Time of the German "economic miracle"

At the request of Stertz, he was appointed adjunct professor of psychiatry at the LMU in 1952. In addition to Stertz, Ernst Kretschmer and Kurt Schneider supported the appointment. Heinrich Mitteis , also a former member of the ADR, who had already submitted an affidavit for Mikorey's letter of justification in 1947, had Schneider urgently asked for support for his' dear friend Dr. Max Mikorey ”asked.

"As in the context of the habilitation, the reviewers had to make an effort to downplay Max Mikorey's scientific and journalistic deficit"

- Andreas Michael Weidmann (s. & Literature)

His book Phantoms und Doppelganger , published in 1952, deals with the phenomenon of phantom pain and considers phantom phenomena as the basis of a philosophical anthropology . In May 1953, Mikorey was elected to represent the non-ordinaries of the LMU in the German University Association, and on April 23, 1956, he was given a real post at the Psychiatric University Clinic. As a former consulting psychiatrist for the Wehrmacht, he lectured several times at the Army Medical School and the Bundeswehr Medical School (today the Bundeswehr Medical Academy ), in front of the Chief of Staff of the II Corps in Ulm, at the Bundeswehr School for Internal Leadership in Cologne the then management staff of the German Armed Forces in Bonn, at the Clausewitz Society in Munich, and before the Society for Military Studies there (GfW). In 1958 he worked as a psychiatric expert for the Federal Ministry of Defense (BMVg). He was also a member of the Disaster Protection Commission in the Federal Ministry of the Interior . From March 23, 1957, he was a member of the ADAC medical college and lectured in the field of traffic psychology . In 1958 the Portuguese Ministério da Justiça (MJ) renewed an invitation from Edmund Mezger (whom Mikorney referred to as his teacher in 1936) to the opening of the Escola Prática de Ciências Criminais in Lisbon in the spring of 1959, which was not accepted because of the 1944 World War , and Mikorey gave a lecture at the Universidade de Lisboa , the Universidade do Porto and the Universidade de Coimbra . Until the winter semester 1967/68 he held propaedeutic psychiatric lectures at the LMU. In numerous non-university lectures and essays in the 1950s and 1960s, he focused on psychiatric fringe areas. The confrontation with aging appears to be worth mentioning. In 1962, for example, he published a book entitled “The old man as a patient” in the specialist journal Der Internist .
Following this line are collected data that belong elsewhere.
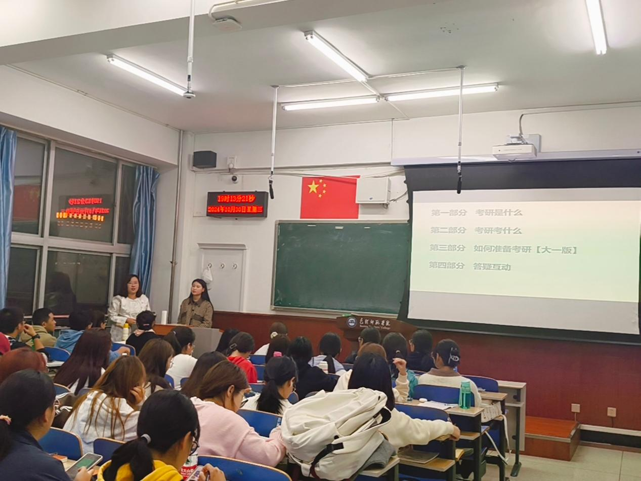 新丽同学从自身考研经历出发,围绕考研的主要内容以及如何准备考研等方面分享了自己的考研经验。首先,刘新丽为同学们介绍了考研的科目以及标准,她强调选取专业以及院校时不能盲从,建议同学们从自身条件出发,端正态度,从现在做起,广泛阅读相关的书籍,拓宽视野。其次,刘新丽同学就自身考研经历出发,为同学们分享了考研真题、相关参考书籍以及学习方法,针对目前的学业为同学们解答疑惑,与同学们进行交流探讨。最后,刘新丽同学鼓励大家尽早做好考研规划,夯实基础,端正学习态度。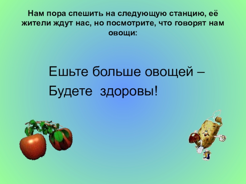 Слайд 9Нам пора спешить на следующую станцию, её жители ждут нас, но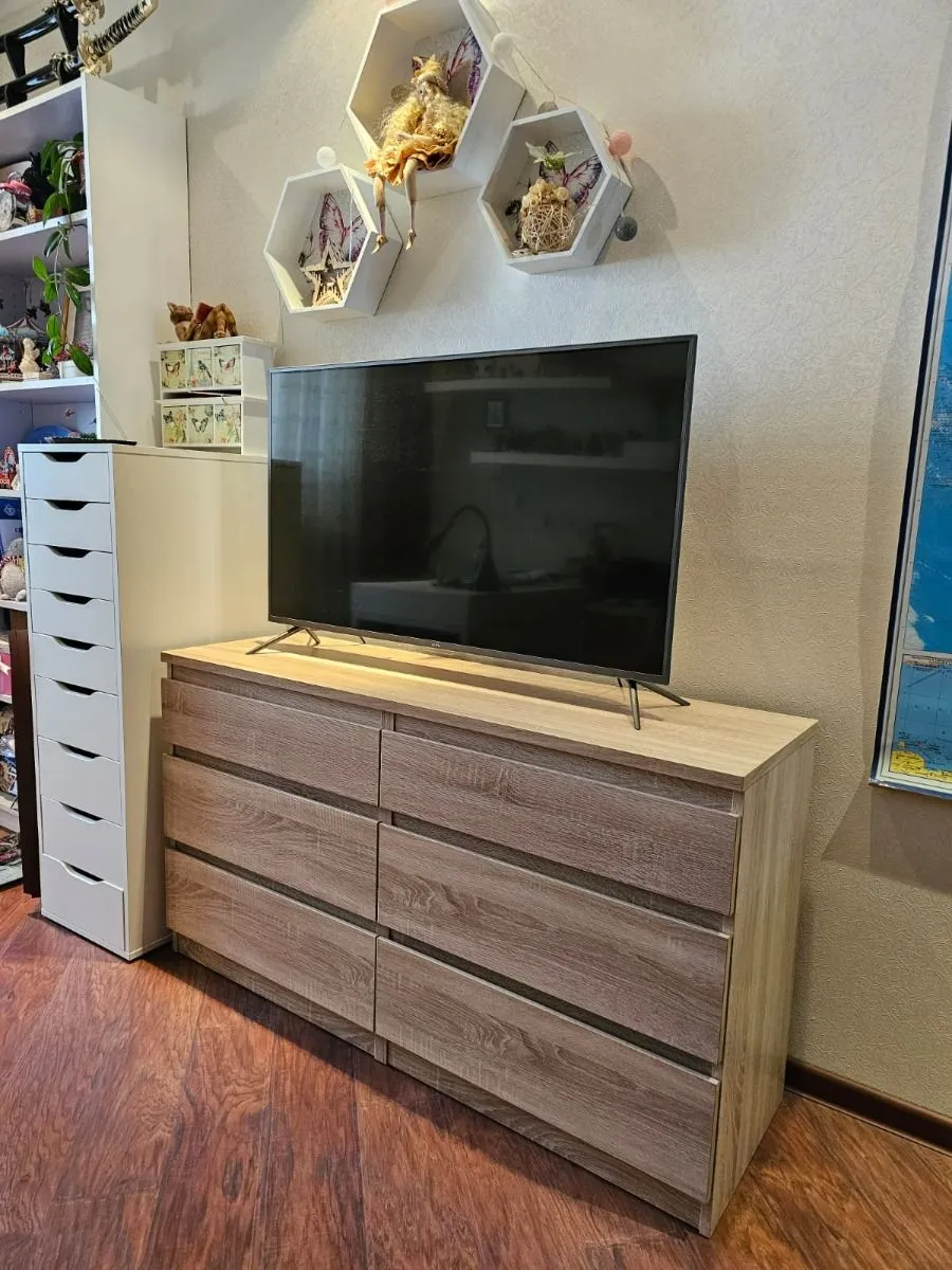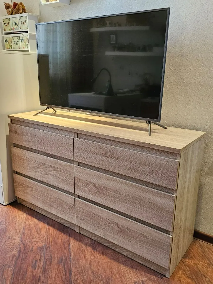 Хороший комод. Использую как тумбу под телевизор. Сборка заняла час времени. Вместительный. Высота комода устраивает. Рекомендую.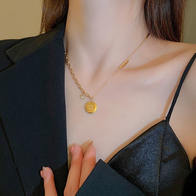 316L ステンレス鋼幸運の手紙ペンダントチェーンネックレス女性ガール気質ジュエリー AAA ジルコンインホットギフト レース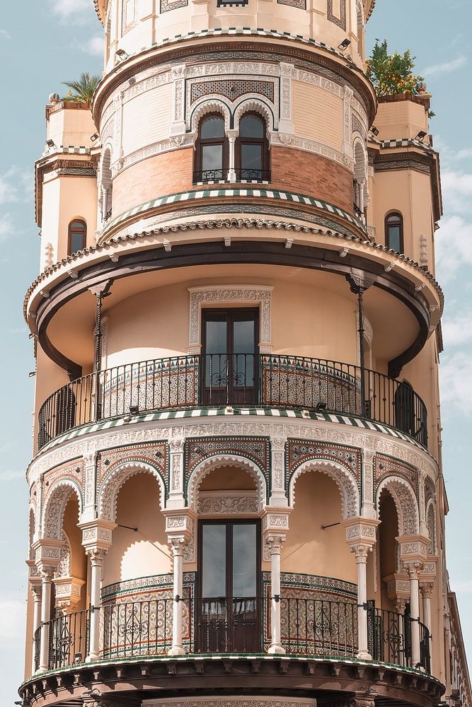 Das Bild zeigt die ganze Pracht dieses Gebäudes: die reich verzierten Bögen, die schmiedeeisernen Balkone und die warmen Farbtöne von Stein und Ziegeln. Das weiche spanische Licht verstärkt die Farben, während der blaue Himmel mit leichten Wolken eine luftige und helle Atmosphäre schafft. Das Bild hat eine gewisse Symmetrie und Stärke, die fast an das ikonische Flatiron Building in New York erinnert - allerdings mit einem eindeutig andalusischen Charakter.

From around the mid-1930s until his retirement in April 1964, Max Mikorey claimed to have been the pioneer or the real inventor of the convulsive therapy for schizophrenia.

family

Mikorey married the neurologist Elisabeth Sidonie Roder, born in 1922, when she was just under 64. The marriage remained childless.

Awards

literature

  • Andreas Michael Weidmann: Professor Dr. med. Max Mikorey (1899-1977): Life and work of a psychiatrist at the Psychiatric and Mental Clinic of the Ludwig Maximilians University in Munich (dissertation); Faculty of Medicine at the Technical University of Munich, 2007

source

Web links

Individual evidence

  1. Hans Frank's "Diary", 1.8.-17.12.1944, 15.9.1944, p. 6; quoted from: Piotrowski, S .: Hans Frank's diary . Warsaw: Polish Science Publishing House. 1963, p. 249 f.